Tumblr open sourced their feed algorithm. People smarter than me might come up with a clever solution for the Fediverse.
@jeff I've been thinking about this and this doesn't have to be solved by Mastodon. Individuals can write bots which implement algorithms. Has anyone written a "hottest toots" bot yet? Seems easy.
@weyoun6 @jeff
Just going to say- if it seems so easy, you are already working on it and should have it done soon, right?
@EvilGinger013 @jeff it would be a fun weekend project.
@weyoun6 @jeff Lucky you, then. It's Friday! Get going! :)

@weyoun6 @jeff

you have "hottest toots", it's explore tab.

@EvilGinger013

@jeff I'm using Trunks on Android - it's got an "explore" tab which surfaces interesting content, hashtags and ppl to follow. It's been really helpful
@jeff I have been using Ivory since it came out and it has a trending tab. That has been working super well for me and it doesn’t feel intrusive at all. No idea how it works though
@allie it's from Mastodon itself. It provides posts and hashtags that are used "more than others" (whatever that means).

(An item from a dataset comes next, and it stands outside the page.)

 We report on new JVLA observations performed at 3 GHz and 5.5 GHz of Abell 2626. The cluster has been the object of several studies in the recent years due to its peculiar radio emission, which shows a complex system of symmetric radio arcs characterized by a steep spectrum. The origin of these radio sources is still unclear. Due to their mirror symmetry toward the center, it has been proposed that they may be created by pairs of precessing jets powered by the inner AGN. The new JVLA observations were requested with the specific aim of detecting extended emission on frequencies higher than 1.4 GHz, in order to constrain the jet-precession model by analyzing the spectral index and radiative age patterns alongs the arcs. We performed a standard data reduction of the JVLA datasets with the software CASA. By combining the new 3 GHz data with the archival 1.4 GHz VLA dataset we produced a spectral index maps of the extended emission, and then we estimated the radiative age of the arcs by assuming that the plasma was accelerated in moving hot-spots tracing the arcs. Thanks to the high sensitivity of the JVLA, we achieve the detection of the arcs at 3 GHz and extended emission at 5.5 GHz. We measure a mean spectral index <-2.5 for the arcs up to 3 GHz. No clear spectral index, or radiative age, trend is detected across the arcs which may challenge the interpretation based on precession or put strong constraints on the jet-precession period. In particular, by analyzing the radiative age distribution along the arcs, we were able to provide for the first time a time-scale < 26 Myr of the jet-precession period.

@djvdq That’s a curious one. It does work though. It feels a bit like the Reddit frontpage in 2011 or so, where it has somewhat interesting stuff, but it doesn’t feel like it’s personalised.

Think that might be what throws me off the modern web, where it’s different for everyone. I miss when there was 1 “front page” for everyone on a site

@jeff Yes! As long as it’s chosen/activated by the user, it would be a great addition to Mastodon. Some help text could even transparently explain in a couple of lines what the algo does.

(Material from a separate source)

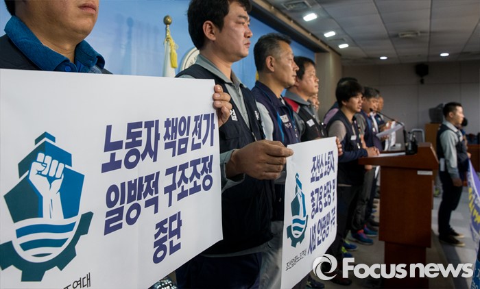 (서울=포커스뉴스) 19일 오전 여의도 국회 정론관에서 열린 '조선산업 발전과 구조조정에 관한 조선업종노조연대 대표자' 기자회견에 참석한 대표자들이 구조조정, 매각, 합병 중단을 요구하는 손팻말을 들고있다.

It could take several form, for instance a different sorting mode for the home timeline, or a “For you” mode for the Explore tab, or its own timeline.

I had opened this issue on Github which might be partly relevant: https://github.com/mastodon/mastodon/issues/4451 (as well as this one about the Explore tab https://github.com/mastodon/mastodon/issues/23973 )

Discovery/Catch-up timeline · Issue #4451 · mastodon/mastodon

This is an idea for having a new extra timeline for discovering content and people and catching-up with toots you may have missed in your Home timeline. It would displays something like: The most r...

GitHub

@jeff and, to add to that argument, the queries and logic around "in reverse chronological order" in Mastodon are ridiculously complex¹. Complex algorithms already decide what&who you see in your timeline.

¹spread through the codebase. But to fill your seemingly simple reverse chronological timeline, Masto must consider instance blocks&filters, personal blocks&filters, deletion, replies, visibility, delivery latency, hashtag subscriptions, deduplication of all that. And federation of all that.